* [Assigned task] Repeat only the lines below from the one that contains "毎月の修正が多くあり、セキュリティー対策も充実 | ¥30,000/月 | ¥360,000/年 |" through the final line, exactly. Omit pictures.

* [Recorded information]
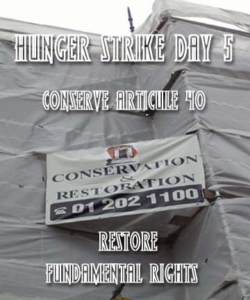 3.The 11.00 'Press Conference' re-affirmed the determination of the hunger strikers, and particularly the younger lads, to continue. The most heart warming scene was to watch a young hunger striker come out and talk and kiss with his school girlfriend who was there with a couple of her mates. A few hunger strikers mentioned they're being "corralled" by some social workers and other individuals milling around.
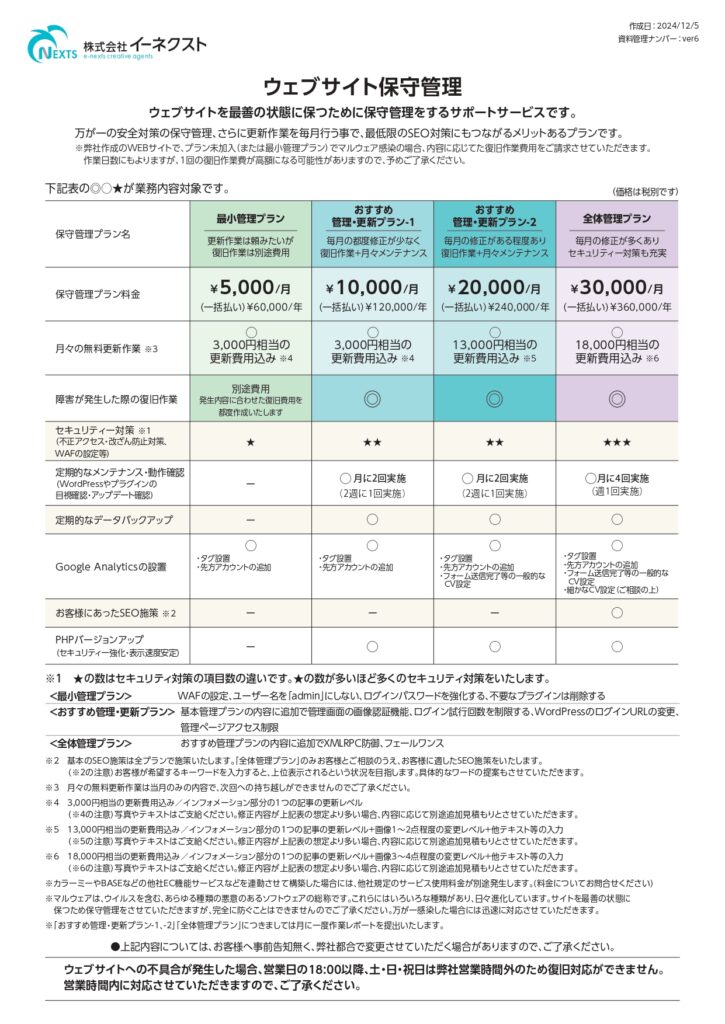 | 全体管理プラン | 毎月の修正が多くあり、セキュリティー対策も充実 | ¥30,000/月 | ¥360,000/年 |
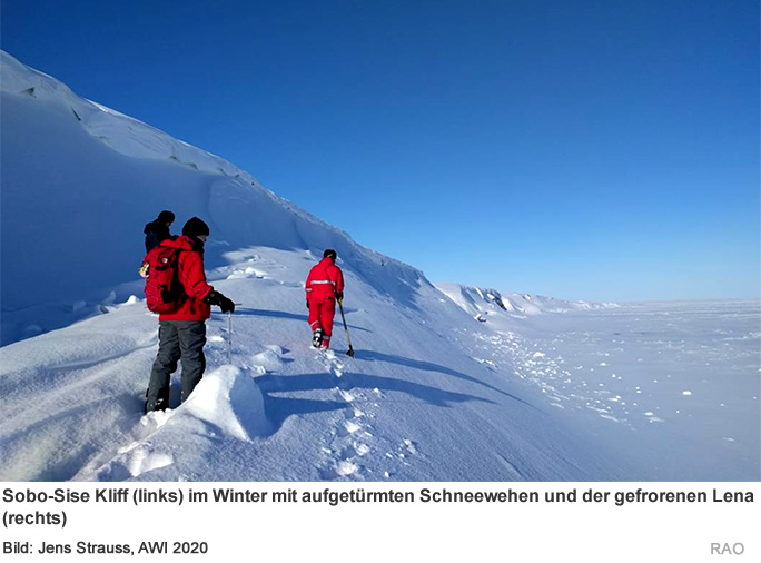 Die Arktis erwärmt sich stärker als jede andere Region der Erde. Als Folge geht der viele Tausend Jahre alte Permafrostboden durch Erosion verloren. Wie AWI-Wissenschaftlerinnen und Wissenschaftler am sibirischen Fluss Lena gemessen haben, ist das Ausmass der Erosion beängstigend: Dort bricht das Ufer jährlich um gut 15 Meter ab. Hinzu kommt, dass der im Permafrost gespeicherte Kohlenstoff den Treibhauseffekt weiter anheizen kann.
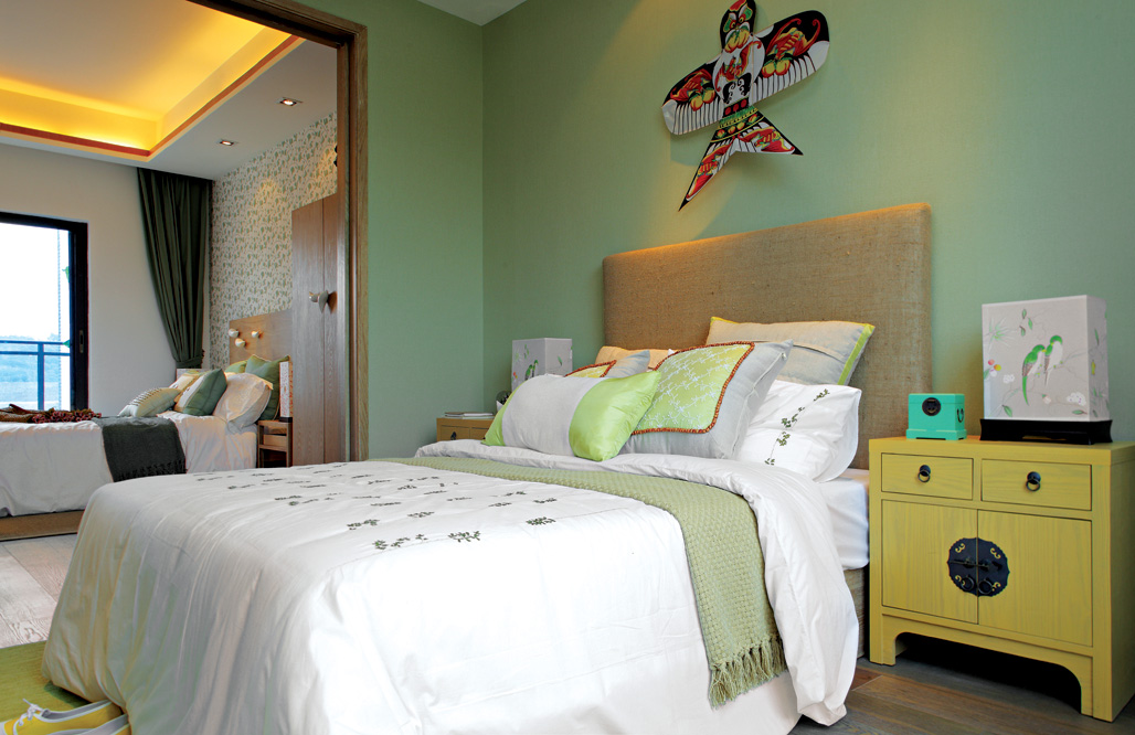 臥室的整體色調如果用紫色調的話會讓人有壓抑感,紫色確實能帶來沉靜、浪漫之感,但如果臥室大面積涂刷成紫色,就會讓整個空間色調變深、光線變暗,難免讓人感到壓抑,影響人們的心情。另外,濃重的粉紅色和紅色也不宜大面積作為臥室主色調。因為這種顏色會讓人處于興奮狀態(tài),長久居住會讓人感到煩躁,并出現(xiàn)情緒不穩(wěn)的狀況。如果新婚夫婦已經(jīng)將墻壁刷成了紅色,不妨用白色的裝飾來點綴,以舒緩紅色帶來的視覺沖擊。臥室顏色最好以暖色調、淺色系為主,淡藍、鵝黃都是不錯的選擇。

* [Output of the exercise]
 | 全体管理プラン | 毎月の修正が多くあり、セキュリティー対策も充実 | ¥30,000/月 | ¥360,000/年 |
 Die Arktis erwärmt sich stärker als jede andere Region der Erde. Als Folge geht der viele Tausend Jahre alte Permafrostboden durch Erosion verloren. Wie AWI-Wissenschaftlerinnen und Wissenschaftler am sibirischen Fluss Lena gemessen haben, ist das Ausmass der Erosion beängstigend: Dort bricht das Ufer jährlich um gut 15 Meter ab. Hinzu kommt, dass der im Permafrost gespeicherte Kohlenstoff den Treibhauseffekt weiter anheizen kann.
 臥室的整體色調如果用紫色調的話會讓人有壓抑感,紫色確實能帶來沉靜、浪漫之感,但如果臥室大面積涂刷成紫色,就會讓整個空間色調變深、光線變暗,難免讓人感到壓抑,影響人們的心情。另外,濃重的粉紅色和紅色也不宜大面積作為臥室主色調。因為這種顏色會讓人處于興奮狀態(tài),長久居住會讓人感到煩躁,并出現(xiàn)情緒不穩(wěn)的狀況。如果新婚夫婦已經(jīng)將墻壁刷成了紅色,不妨用白色的裝飾來點綴,以舒緩紅色帶來的視覺沖擊。臥室顏色最好以暖色調、淺色系為主,淡藍、鵝黃都是不錯的選擇。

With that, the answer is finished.